-- WHAT IS REQUIRED --
The task calls for an exact retyping of the lines from the one holding "A FRENCH LOUIS" through the end of the listing, with pictures omitted and nothing added.
▬▬▬▬▬▬
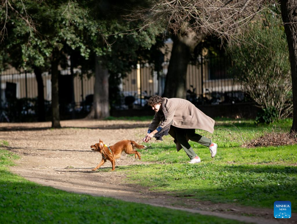 A man entertains with his dog at Villa Borghese in Rome, Italy, Jan. 24, 2024. (Xinhua/Li Jing)
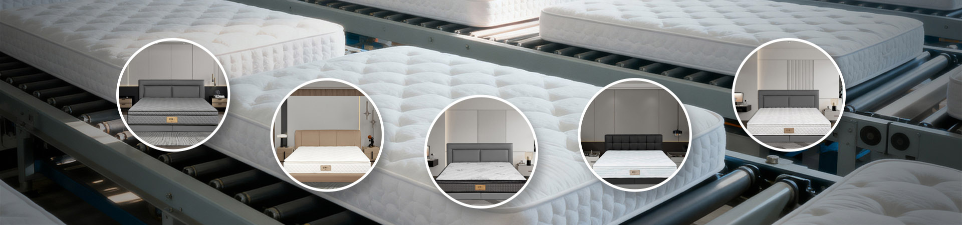 We manufacture a full range of mattresses including foam mattresses, pocket spring mattresses, hybrid mattresses, hotel mattresses, and customized designs based on client needs.
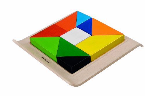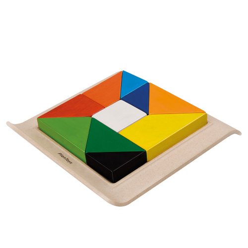 ツイストパズルはツイスト=ひねることができます。ひねって変形できるんです。ブロックパーツは6個。二つの形状が接続されていて、ひねって変形できるパーツと、単品のパーツで構成されています。カラフルな形違いのブロックを自由にひねったりまわしたりして、自分だけの模様を完成させましょう。トレイは両面が使えて、片面は正方形の枠。反対側は家のような枠。ここにブロックパーツを組み合わせて、時にツイスト(変形)しながら、当てはめます。枠にはまりたくない!というお子様には、付属の説明書を見ながらパターンを作るなどタングラムとしても楽しめますヨ。
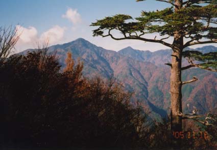 やっと本尾根上を歩くことになった。左側が落ち込んだやはりヤセ尾根が続く。ここからはそれほど急ではなく左手正面に見える崩壊地越しの山頂直下までをつめるように上って行く。ちょっとした散策、里山の散歩をしてるような足場の気持ちいいコースだ。30分程で最初の展望台を通過、直ぐに二つ目の展望台も通過する。徐々に左手の崩壊面が近づきアカヤシオ・シロヤシオ自生の看板を過ぎた辺りから山頂への最後の急登が始まる。
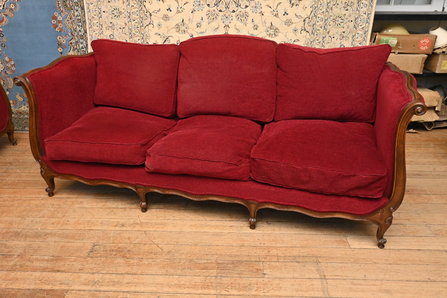 A FRENCH LOUIS XV STYLE UPHOLSTERED THREE SEATER SOFA (A/F) (88H X 219W X 93D CM) (PLEASE NOTE THIS HEAVY ITEM MUST BE REMOVED BY CARRIERS AT THE CUSTOMER'S EXPENSE. LEONARD JOEL STAFF CANNOT ASSIST CARRYING THIS ITEM) (X-LARGE ITEM)
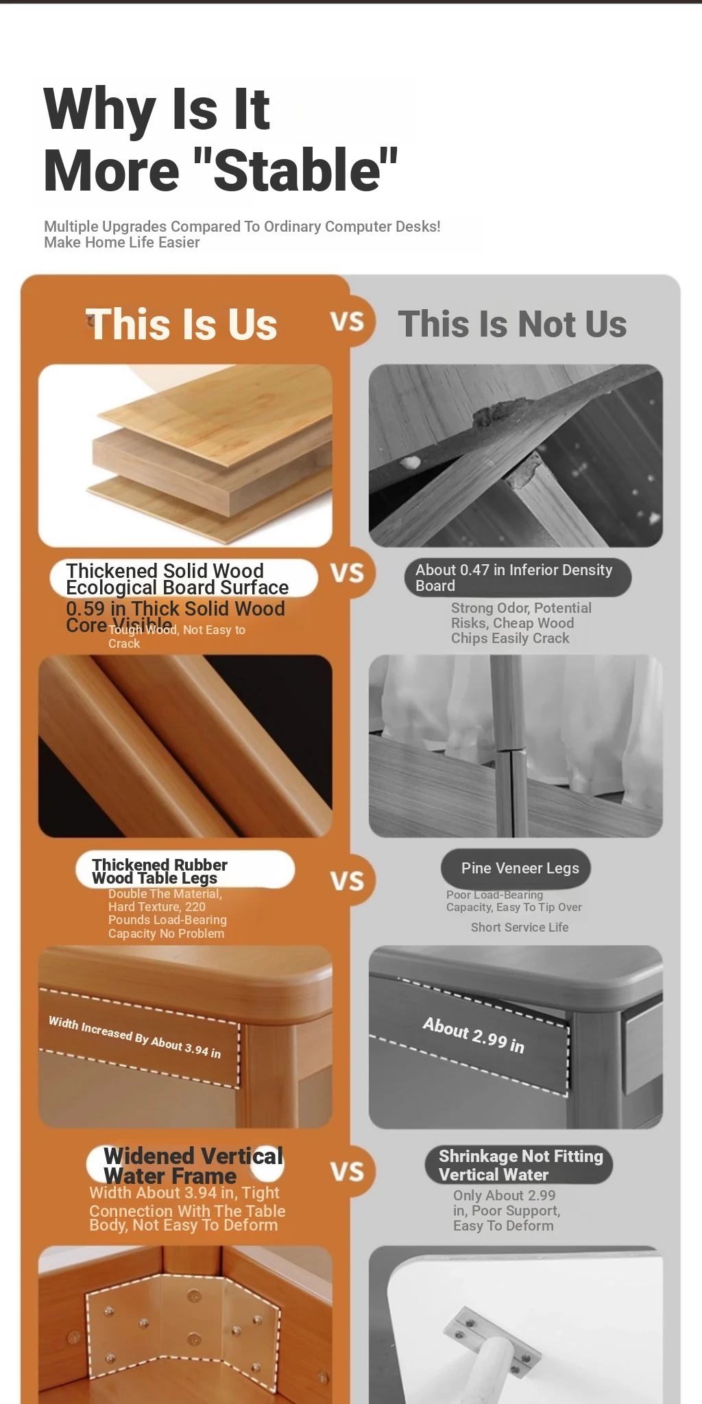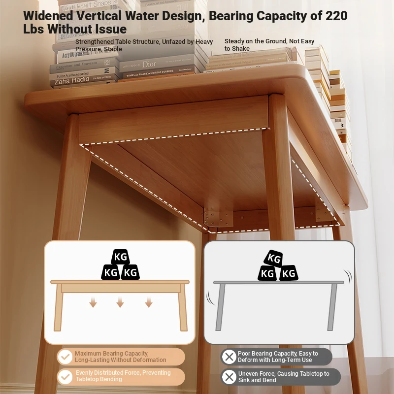 【Thickened Solid Wood Eco-Panel Core Desktop】100*60Cm Yellow Fir Color(Rubber wood table legs)
▬▬▬▬▬▬
-- WRITTEN RESPONSE --
 A FRENCH LOUIS XV STYLE UPHOLSTERED THREE SEATER SOFA (A/F) (88H X 219W X 93D CM) (PLEASE NOTE THIS HEAVY ITEM MUST BE REMOVED BY CARRIERS AT THE CUSTOMER'S EXPENSE. LEONARD JOEL STAFF CANNOT ASSIST CARRYING THIS ITEM) (X-LARGE ITEM)
 【Thickened Solid Wood Eco-Panel Core Desktop】100*60Cm Yellow Fir Color(Rubber wood table legs)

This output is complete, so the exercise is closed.